# [Exercise description]
Copy all the records word for word, apart from any pictures.

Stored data
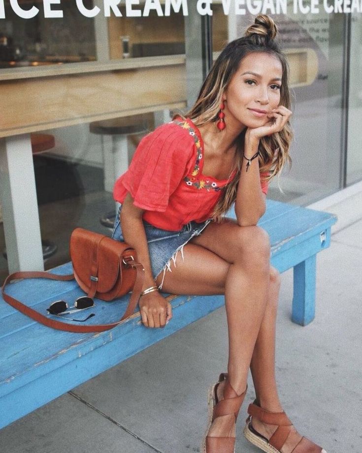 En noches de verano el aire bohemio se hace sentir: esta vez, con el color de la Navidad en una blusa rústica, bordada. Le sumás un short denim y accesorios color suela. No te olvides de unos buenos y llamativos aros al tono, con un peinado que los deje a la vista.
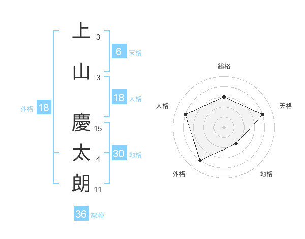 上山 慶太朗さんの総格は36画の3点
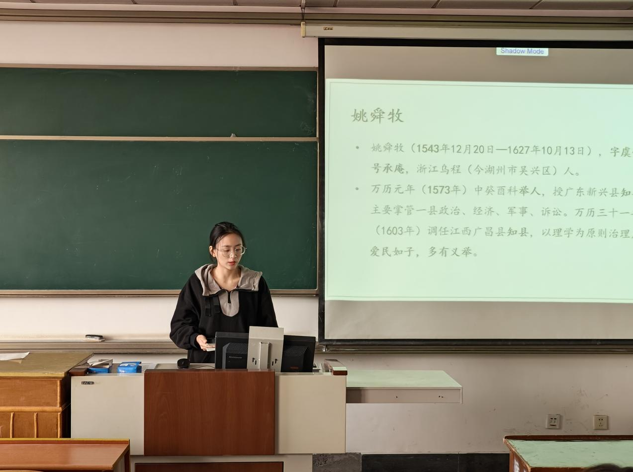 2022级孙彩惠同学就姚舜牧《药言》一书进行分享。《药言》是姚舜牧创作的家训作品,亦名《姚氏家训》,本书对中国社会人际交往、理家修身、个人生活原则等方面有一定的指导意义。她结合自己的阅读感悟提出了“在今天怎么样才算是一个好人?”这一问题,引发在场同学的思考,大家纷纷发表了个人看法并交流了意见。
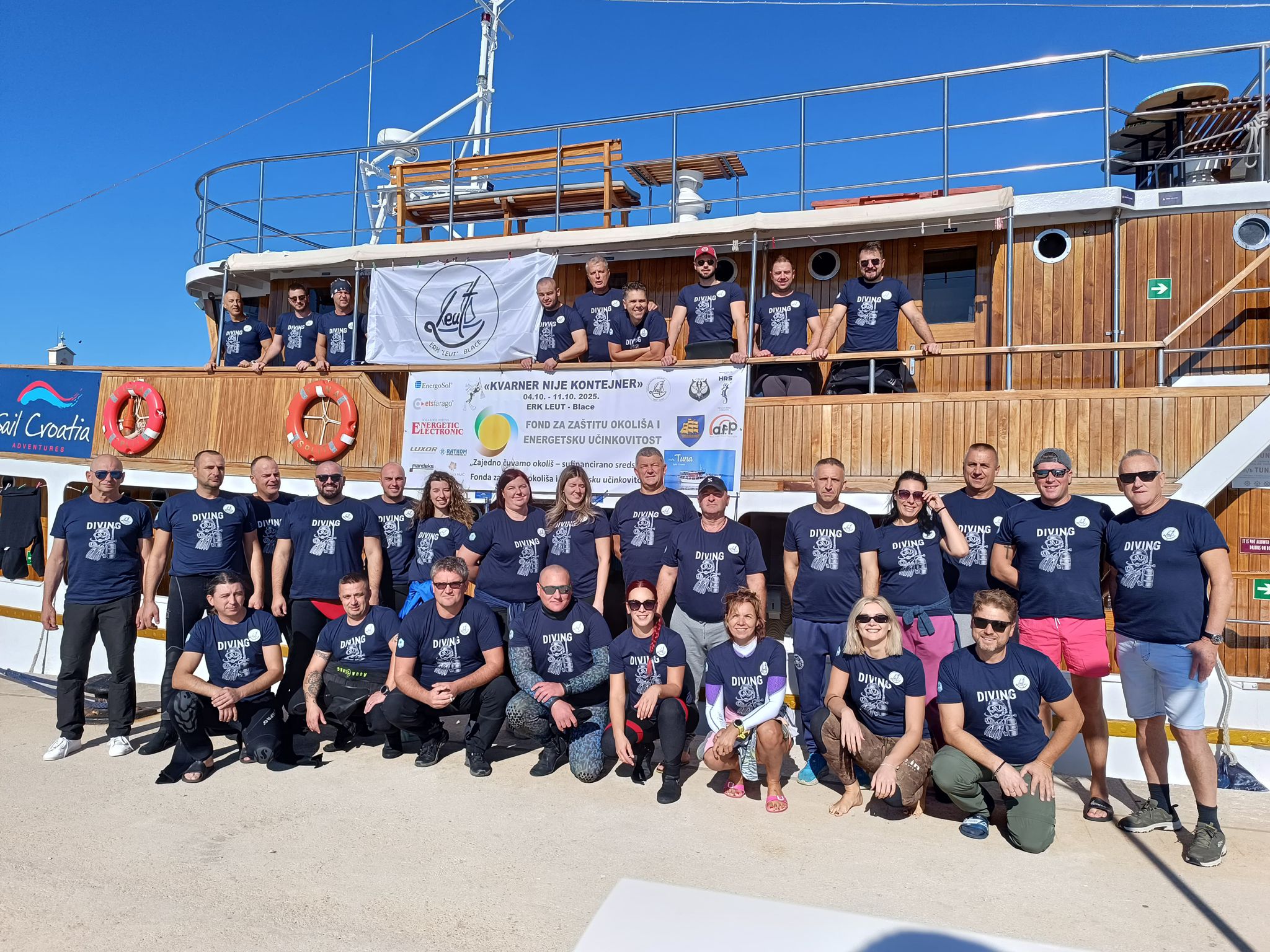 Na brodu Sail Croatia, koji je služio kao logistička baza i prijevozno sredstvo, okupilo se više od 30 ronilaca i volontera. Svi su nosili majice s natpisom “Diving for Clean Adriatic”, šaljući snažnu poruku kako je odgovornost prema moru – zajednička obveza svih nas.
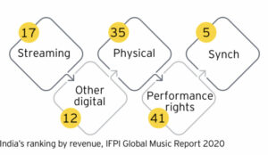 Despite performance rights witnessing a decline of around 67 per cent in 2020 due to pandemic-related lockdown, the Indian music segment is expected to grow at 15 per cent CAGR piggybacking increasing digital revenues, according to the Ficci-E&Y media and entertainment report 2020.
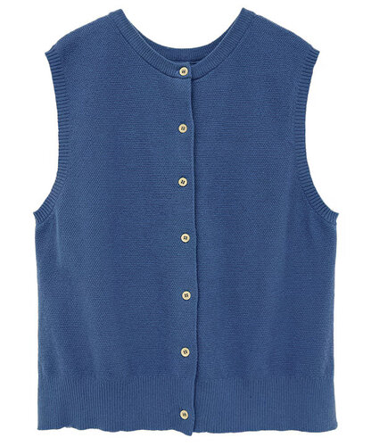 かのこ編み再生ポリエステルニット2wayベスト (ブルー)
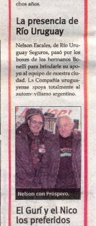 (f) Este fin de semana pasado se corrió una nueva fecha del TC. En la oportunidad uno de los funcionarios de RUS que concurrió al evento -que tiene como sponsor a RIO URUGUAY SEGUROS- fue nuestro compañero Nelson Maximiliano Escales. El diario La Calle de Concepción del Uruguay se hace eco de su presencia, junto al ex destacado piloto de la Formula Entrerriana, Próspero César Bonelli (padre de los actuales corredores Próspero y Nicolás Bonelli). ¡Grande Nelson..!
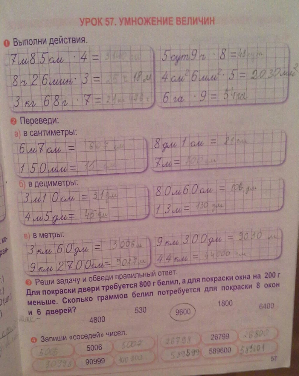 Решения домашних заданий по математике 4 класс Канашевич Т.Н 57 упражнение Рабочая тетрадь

# [Completed exercise]
 En noches de verano el aire bohemio se hace sentir: esta vez, con el color de la Navidad en una blusa rústica, bordada. Le sumás un short denim y accesorios color suela. No te olvides de unos buenos y llamativos aros al tono, con un peinado que los deje a la vista.
 上山 慶太朗さんの総格は36画の3点
 2022级孙彩惠同学就姚舜牧《药言》一书进行分享。《药言》是姚舜牧创作的家训作品,亦名《姚氏家训》,本书对中国社会人际交往、理家修身、个人生活原则等方面有一定的指导意义。她结合自己的阅读感悟提出了“在今天怎么样才算是一个好人?”这一问题,引发在场同学的思考,大家纷纷发表了个人看法并交流了意见。
 Na brodu Sail Croatia, koji je služio kao logistička baza i prijevozno sredstvo, okupilo se više od 30 ronilaca i volontera. Svi su nosili majice s natpisom “Diving for Clean Adriatic”, šaljući snažnu poruku kako je odgovornost prema moru – zajednička obveza svih nas.
 Despite performance rights witnessing a decline of around 67 per cent in 2020 due to pandemic-related lockdown, the Indian music segment is expected to grow at 15 per cent CAGR piggybacking increasing digital revenues, according to the Ficci-E&Y media and entertainment report 2020.
 かのこ編み再生ポリエステルニット2wayベスト (ブルー)
 (f) Este fin de semana pasado se corrió una nueva fecha del TC. En la oportunidad uno de los funcionarios de RUS que concurrió al evento -que tiene como sponsor a RIO URUGUAY SEGUROS- fue nuestro compañero Nelson Maximiliano Escales. El diario La Calle de Concepción del Uruguay se hace eco de su presencia, junto al ex destacado piloto de la Formula Entrerriana, Próspero César Bonelli (padre de los actuales corredores Próspero y Nicolás Bonelli). ¡Grande Nelson..!
 Решения домашних заданий по математике 4 класс Канашевич Т.Н 57 упражнение Рабочая тетрадь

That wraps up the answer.